Abstract

Instability of CAG triplet repeat encoding polyglutamine (polyQ) stretches in the gene for target protein has been implicated as a putative mechanism in several inherited neurodegenerative diseases. Expansion of polyQ chain length in the androgen receptor (AR) causes spinal and bulbar muscular atrophy (SBMA) or Kennedy's disease. Although the mechanisms underlying gain-of-neurotoxic function are not completely understood, suggested pathological mechanisms of SBMA involve the formation of AR nuclear and cytoplasmic aggregates, a characteristic feature of patients with SBMA. The fact that certain AR coactivators are sequestered into the nuclear inclusions in SBMA possibly through protein-protein interactions supports the notion that AR transcriptional dysregulation may be a potential pathological mechanism leading to SBMA. AR conformational states associated with aberrant polyQ tract also modulate the interaction of AR with several coactivators. In many cases, such diseases can be treated through protein replacement therapy; however, because recombinant proteins do not cross the blood-brain barrier, the effectiveness of such therapies is limited in case of neurodegenerative diseases that warrant alternative therapeutic approaches.
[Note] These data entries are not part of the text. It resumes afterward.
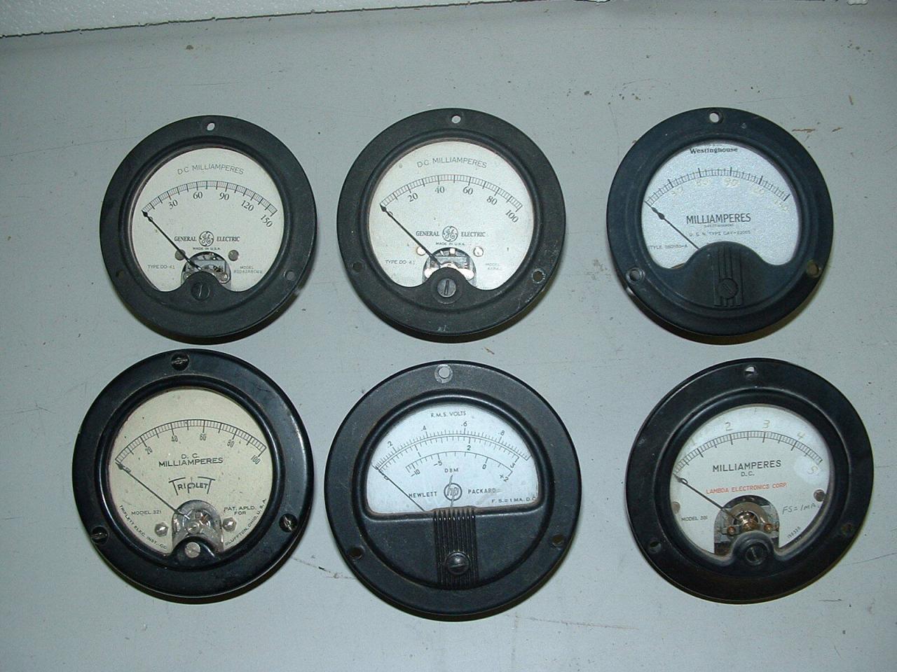 Offering for sale a lot of 6 VINTAGE 3.5 inch diameter METERS. They have the following scales: 100 microamps; 150 milliamps; 1 milliamp; 100 milliamps; 150 milliamps; and 5 milliamps. The last two have been altered from other scales to lead as listed. Take a good look at the picture. What you see is what you get. The whole lot for only $39.95 postpaid within the lower 48 United States. I accept paypal (preferred goods & services); postal money order, cash, or checks (hold until it clears).
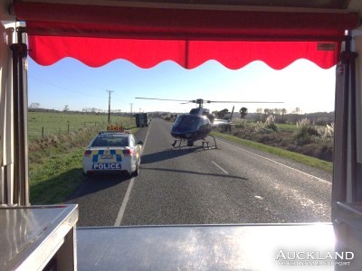 "); document.write("The mobile canteen had an unusual visitor when the police helicopter Eagle dropped in on State Highway 16 at Helensville. It was if the chopper crew recognised the canteen from above, realised they were on to a good thing and put down for morning tea of hot drinks and chocolate biscuits! In truth there had been a fatal accident along the road involving a truck-and-trailer and a car, and the police helo arrived as part of Serious Crash Unit investigations. Although a clear sunny day, it was very cold out in the open so hot drinks from the canteen were greatly appreciated by all emergency services workers at the scene. As well as attending in the canteen members maintained road blocks. "); document.write("
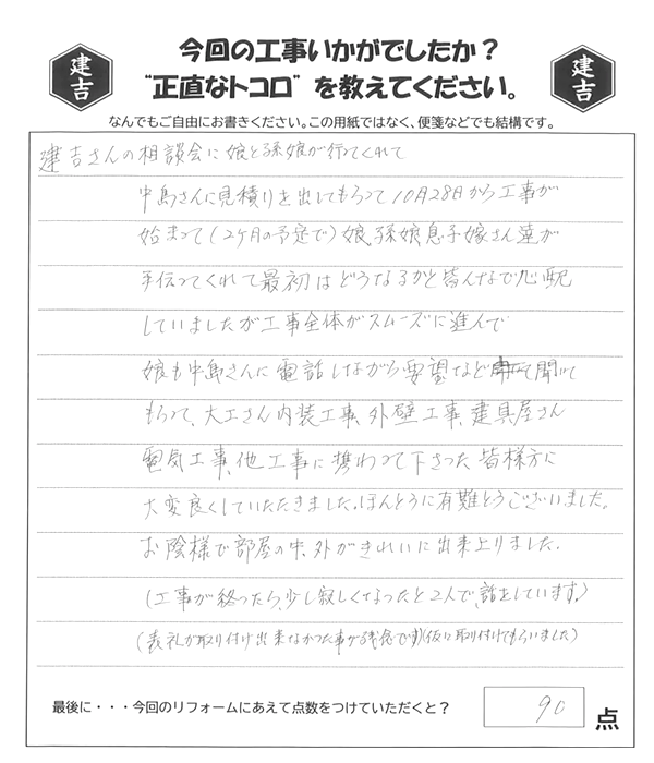建吉さんの相談会に娘と孫娘が行ってくれて、中島さんに見積を出してもらって、10月28日から工事が始まって(2ケ月の予定で)娘、孫娘、息子嫁さん達が手伝ってくれて、最初はどうなるかと皆んなで心配していましたが、工事全体がスムーズに進んで、娘も中島さんに電話しながら要望など聞いてもらって、大工さん内装工事、外壁工事、建具屋さん、電気工事、他工事に携わって下さった皆様方に、大変良くしていただきました。
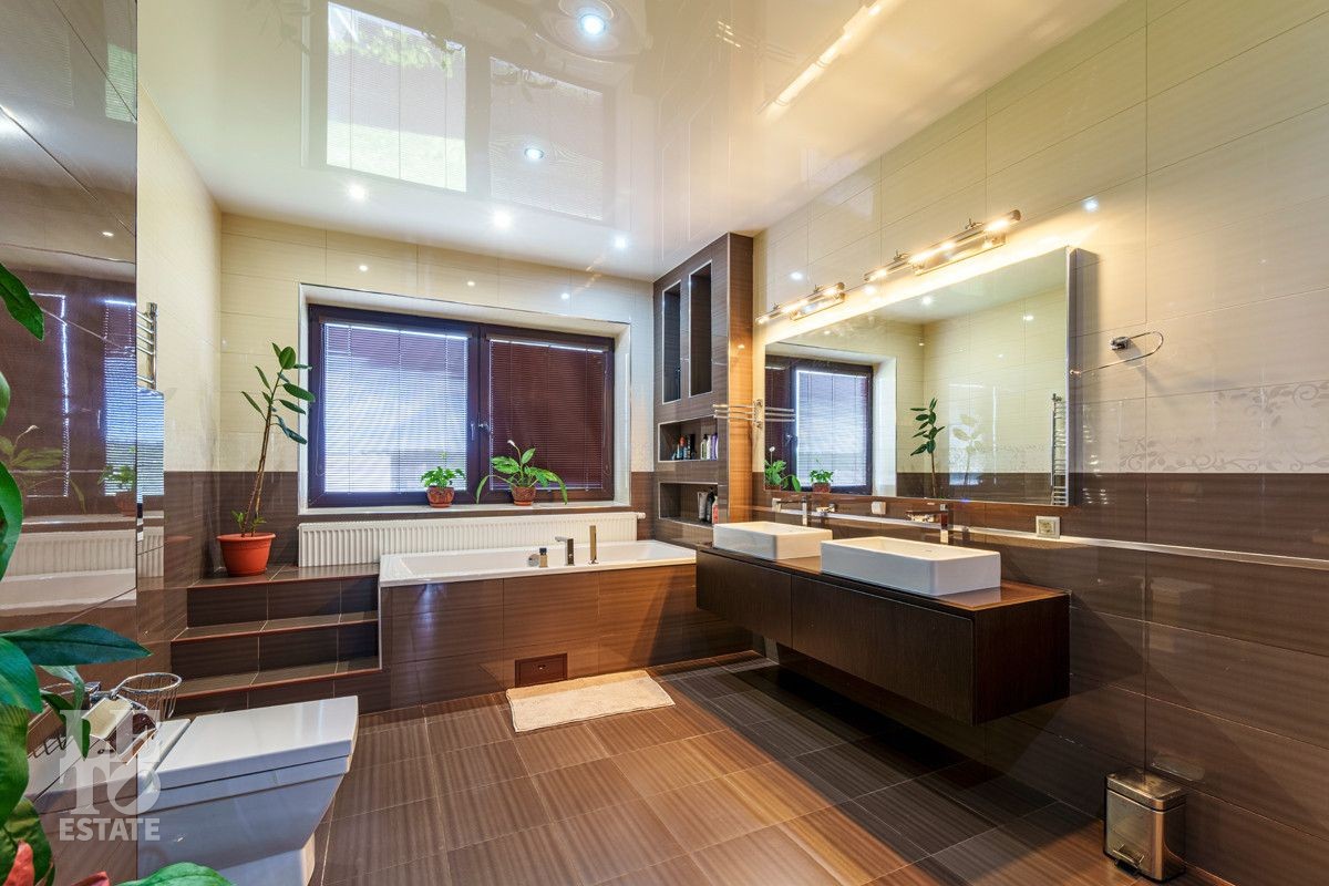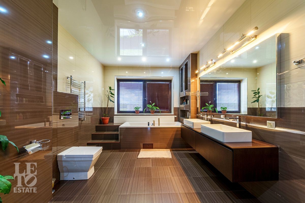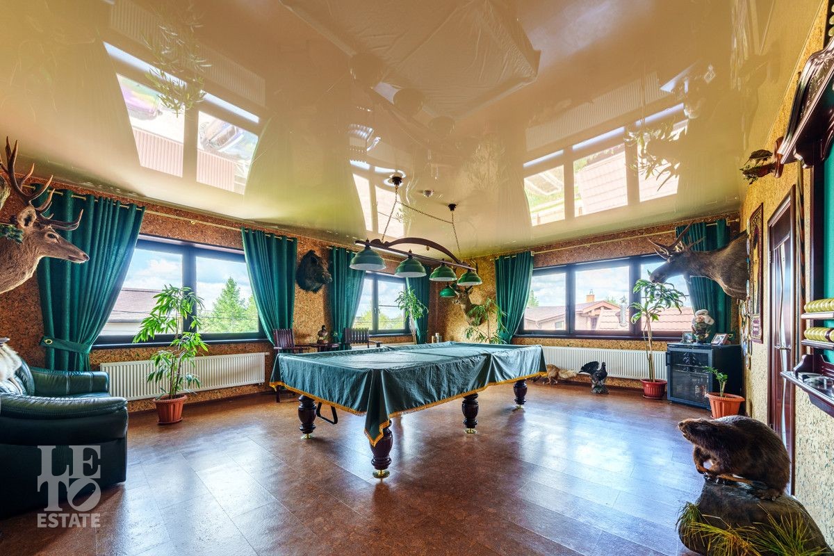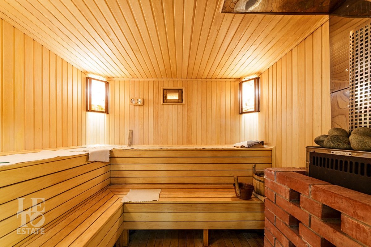 В доме есть все необходимое для комфортной жизни: просторные спальни, рабочий кабинет, собственный спортзал, досуговая зона с бильярдом, уютная гостиная, большой теплый гараж - каждый уголок этого загородного дома наполнен уютом и удобствами, а чтобы окунуться в атмосферу релакса, на участке построена баня с печью, мангалом и комфортной зоной отдыха.
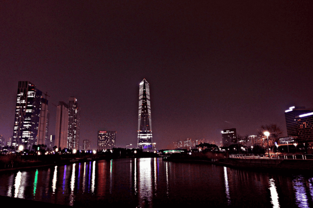 송도센트럴파크는 한겨울 추위 속에서도 따뜻한 불빛들로 가득합니다. 높다란 빌딩과 넓은 공원 사이를 수놓는 조명은 마치 영화의 한 장면처럼 멋진 풍경을 연출합니다. 물 위로 반사되는 빛은 도시의 화려함과 자연의 고요를 동시에 느끼게 합니다.
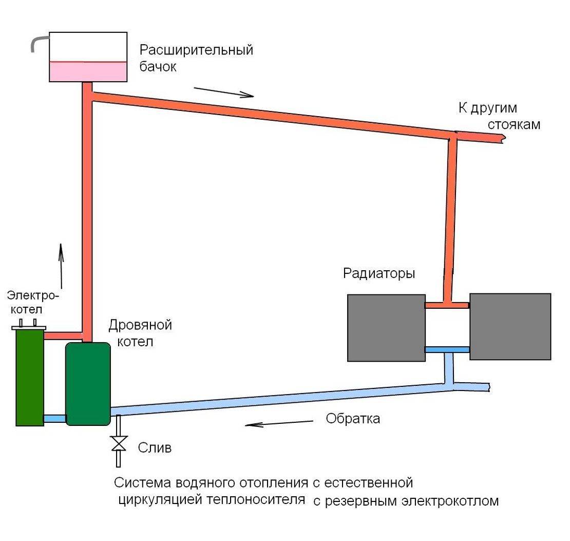 Назначение гравитационной схемы – теплоснабжение жилищ без привязки к электричеству, что актуально в отдаленных регионах с частыми отключениями света. Сеть самотечных трубопроводов и батарей способна работать вместе с любым энергонезависимым котлом либо от печного (раньше говорили – парового) отопления.
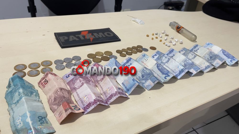Durante a busca pessoal, foi encontrada uma porção de substância análoga ao crack, além de R$ 148,05 em dinheiro, em notas e moedas fracionadas, característica comum em situações de tráfico de drogas. Em uma varredura minuciosa no local, os policiais localizaram um buraco com a terra recentemente remexida, exatamente onde o suspeito havia sido visto. Dentro dele, havia um recipiente plástico contendo 17 pedras de crack prontas para comercialização.
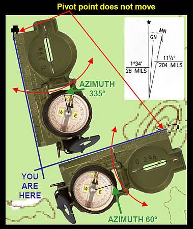 2.旋轉指南針直到取得地標方位角在採取的方位上
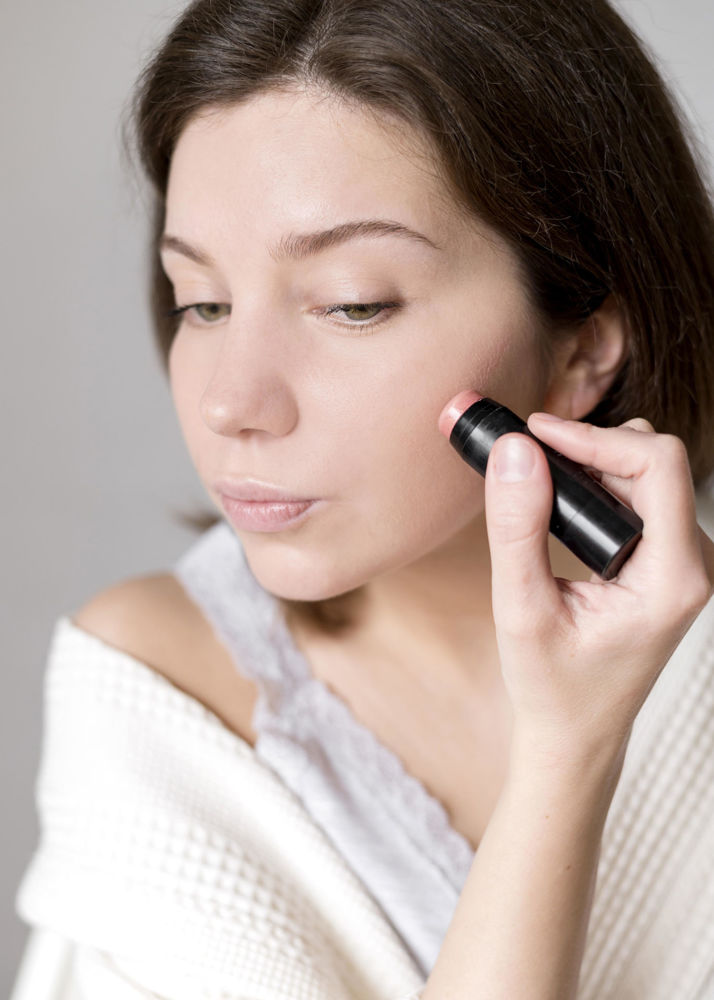 این کار وقتی که میخواهید رژگونه پر رنگ را برای آرایش مینیمال استفاده کنید، میتواند فینیش حرفهای به کار شما بدهد. این رژگونه پس از اعمال روی پوست کمی زمان نیاز دارد که با گرمای صورت واکنش نشان داده و ذوب شود. به همین دلیل اعمال آن با دست سریع است. اگر تازه کار هستید و میخواهید نتیجه کار حرفهای باشد، استفاده از براش مناسب را پیشنهاد میکنیم. در پایان از پودر تثبیت کننده یا اسپری تثبیت کننده آرایش استفاده میکنید.
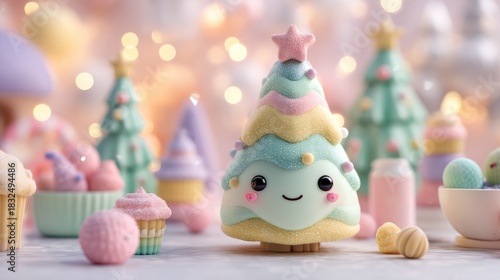 Whimsical pastel decorative Christmas tree with cute face surrounded by festive treats and ornaments in a soft-focus background

Among different approaches, inhibiting protein aggregation with small molecules that can stimulate protein folding and reverse aggregation are the most promising ones. Thus, naturally occurring osmolytes or "chemical chaperones" that can easily cross the blood-brain barrier and stabilize the functional form of a mutated protein by shifting the folding equilibrium away from degradation and/or aggregation is a useful therapeutic approach. In this review, we discuss the role of polyQ chain length extension in the pathophysiology of SBMA and the use of osmolytes as potential therapeutic tool.